Abstract
Vascular endothelial growth factor receptor 2 (VEGFR2) is highly expressed by lymphatic endothelial cells and has been shown to stimulate lymphangiogenesis in adult mice. However, the role VEGFR2 serves in the development of the lymphatic vascular system has not been defined. Here we use the Cre-lox system to show that the proper development of the lymphatic vasculature requires VEGFR2 expression by lymphatic endothelium. We show that Lyve-1wt/Cre;Vegfr2flox/flox mice possess significantly fewer dermal lymphatic vessels than Vegfr2flox/flox mice. Although Lyve-1wt/Cre;Vegfr2flox/flox mice exhibit lymphatic hypoplasia, the lymphatic network is functional and contains all of the key features of a normal lymphatic network (initial lymphatic vessels and valved collecting vessels surrounded by smooth muscle cells (SMCs)).
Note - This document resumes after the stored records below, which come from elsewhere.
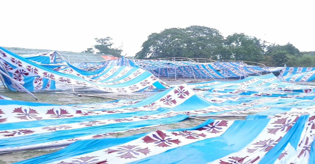রাজশাহীতে প্রধান ঈদের জামাত অনুষ্ঠিত হওয়ার কথা ছিল সকাল ৮টায় নগরীর হযরত শাহ মখদুম রূপোস (রহ.) কেন্দ্রীয় ঈদগাহ ময়দানে। সব আয়োজন ছিল ঠিকঠাক। কিন্তু ভোরে হঠাৎ দমকা হাওয়া এবং বৃষ্টিতে ভেসে গেছে সব আয়োজন।
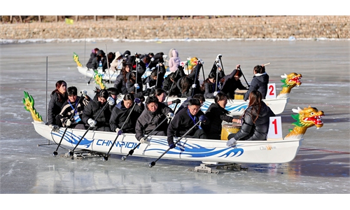 Foreign participants compete in the Five-Continent Ice Dragon Boat Challenge in Xilinhot, North China's Inner Mongolia Autonomous Region on February 2, 2026. A total of 29 teams from 21 countries and regions, including China, Russia, the US, Singapore, and Mongolia, with nearly 600 ice dragon boat enthusiasts, participated in the event to celebrate the upcoming Chinese New Year. Photo: VCG
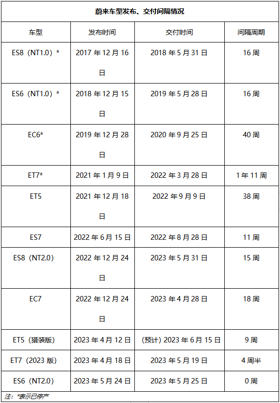 这表明蔚来交付管理水平依然存在问题。此外,尽管蔚来各车型从正式发布到交付的时间跨度一直在缩减,但是过往历史表明,其供应链管理能力,也无法确保交付过程中不出幺蛾子。
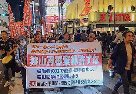 10月27日、全関西狭山集会が大阪市内の豊崎西公園に100人の結集でかちとられた。基調報告で全国水平同盟の久原正子委員長は「袴田再審無罪判決の勝利を引き継ぎ、次は狭山だ。11・3集会大結集の力で戦争を止め狭山再審を切り開こう。12・12狭山全国闘争―東京高裁包囲デモに決起しよう」と呼びかけた。
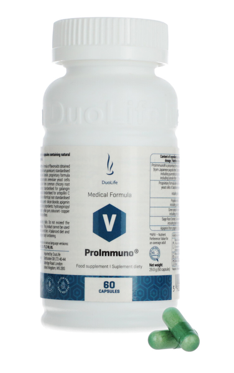 DUOLIFE ProImmuno je výživový doplněk navržený na podporu imunitního systému, ochranu buněk před oxidačním stresem a podporu správného dělení buněk. Díky unikátní kombinaci flavonoidů, rostlinných extraktů, propolisu a organického zinku pomáhá posilovat přirozené obranné mechanismy organismu a přispívá k celkové vitalitě.
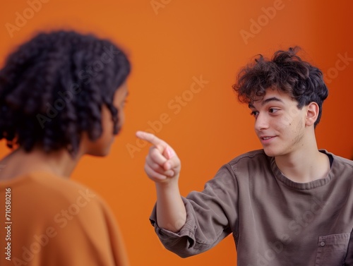 A funny cool, smiling young man in casual outfit showing something to a girl, pointing at a person or helping her to find her way using deaf sign language, or playing a game where he is miming
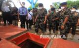 Menteri Kelautan dan Perikanan Edhy Prabowo (kelima kanan) meninjau Kapal Ikan Asing (KIA) ilegal di Stasiun Pengawasan Sumber Daya Kelautan dan Perikanan (PSDKP) Pontianak di Sungai Rengas, Kabupaten Kubu Raya, Kalimantan Barat, Rabu (22/7/2020). Edhy Prabowo menyatakan kapal pengawas Kementerian Kelautan dan Perikanan yaitu KP Orca 3 dan KP Hiu 11 berhasil menangkap dua KIA ilegal berbendera Vietnam beserta 18 nelayan Vietnam dan empat nelayan Kamboja di Laut Natuna Utara pada Rabu (15/7/2020). (FOTO : Antara/Jessica Helena Wuysang)
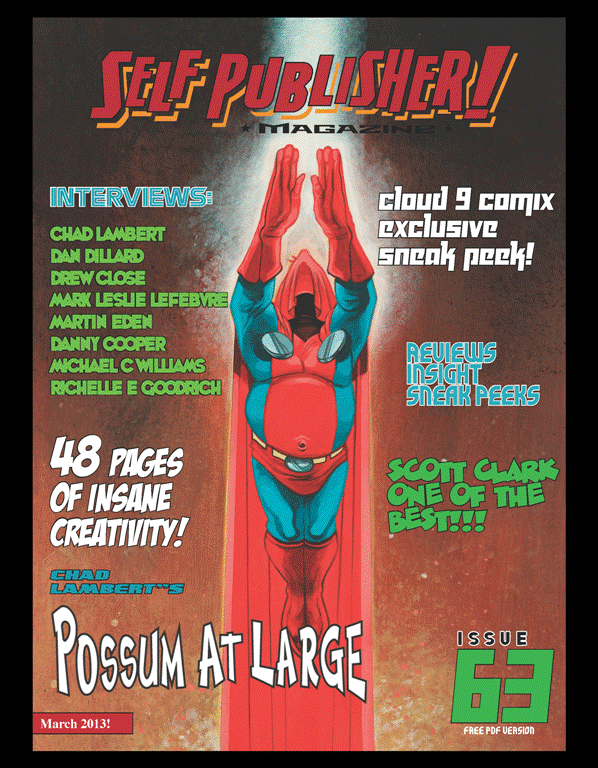 Also in the 48-page issue are interviews with Chad Lambert, creator of Possum at Large (along with a Sneak Peek at the comic), Dan Dillard, Drew Close, Mark Lesie Lefebvre, Canny Cooper, Michael C. Williams, and Richelle E. Goodrich.
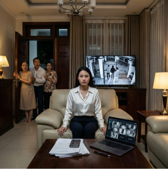 Tiếng khóa cửa vừa bật lên ngoài sân thì tim tôi như bị ai bóp nghẹt. Tôi đang ngồi co người trong căn phòng nhỏ sau bếp, mắt dán vào màn hình điện thoại hiện ba ô camera rung nhẹ. Chị Hạnh đứng trước cửa chính, tay cầm chùm chìa khóa dự phòng mà chỉ có bố mẹ ruột tôi biết chỗ giấu. Sau lưng chị là bố tôi, mặt lạnh tanh, còn mẹ thì liên tục ngoái nhìn ra ngõ như sợ hàng xóm bắt gặp.
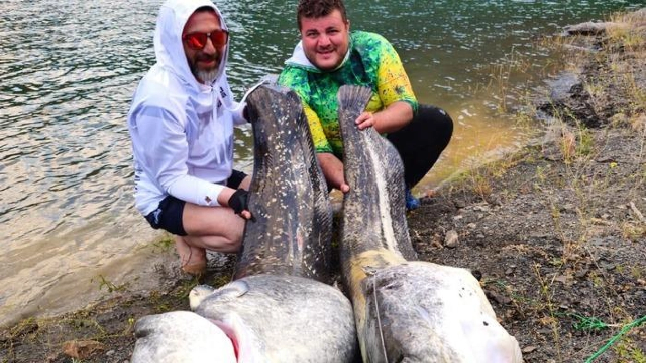 Samsunlu amatör balıkçılar Sercan Çakar (35), Ömer Taş (38) ve Vahap Kavaklı (42), balık avlamak için Artvin’deki Borçka Barajı’na gitti. Baraj gölünde sabah saatlerinde oltalarını suya bırakan balıkçılar, birkaç saat süren bekleyişin ardından büyük balıkların oltalarına takıldığını fark etti. Oltalarını çeken balıkçılar yaklaşık 2 metre uzunluğunda ve her biri yaklaşık 100 kilo ağırlığında iki yayın balığını sudan çıkardı. Balıkçılar, balıkların fotoğraflarını sosyal medya hesaplarından paylaştı. (DHA)
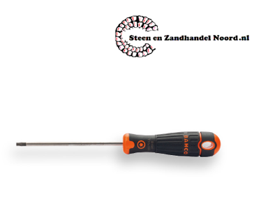 Torx schroevendraaier BAHCO T15 x 100 mm, voorzien van rubber greep en gefosfateerde punt.
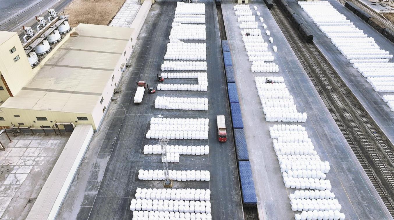 青海鹽湖股份最終產(chǎn)品通過鐵路運(yùn)輸前往下游。張鵬 攝
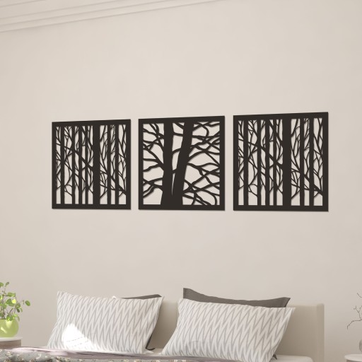 Dekoracyjny Tryptyk Drewniany Ażurowy LAS to nowatorska dekoracja ścienna.
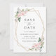 Mit dieser bezaubernden Save the Date Karte laden Sie Freunde und Familie in Stil und Set ein. Die Einrichtung besteht aus rot-rosa Blume, Grünpflanzen und goldfarbenem Rahmen auf weißem Hintergrund.

We also show that Lyve-1Cre mice display robust Cre activity in macrophages and in blood vessels in the yolk sac, liver and lung. This activity dramatically impairs the development of blood vessels in these tissues in Lyve-1wt/Cre;Vegfr2flox/flox embryos, most of which die after embryonic day14.5. Lastly, we show that inactivation of Vegfr2 in the myeloid lineage does not affect the development of the lymphatic vasculature. Therefore, the abnormal lymphatic phenotype of Lyve-1wt/Cre;Vegfr2flox/flox mice is due to the deletion of Vegfr2 in the lymphatic vasculature not macrophages. Together, this work demonstrates that VEGFR2 directly promotes the expansion of the lymphatic network and further defines the molecular mechanisms controlling the development of the lymphatic vascular system.
Highlights
The lymphatic vasculature transports immune cells, absorbs dietary fats, and regulates tissue fluid homeostasis by returning fluid and macromolecules to the blood vascular system [1]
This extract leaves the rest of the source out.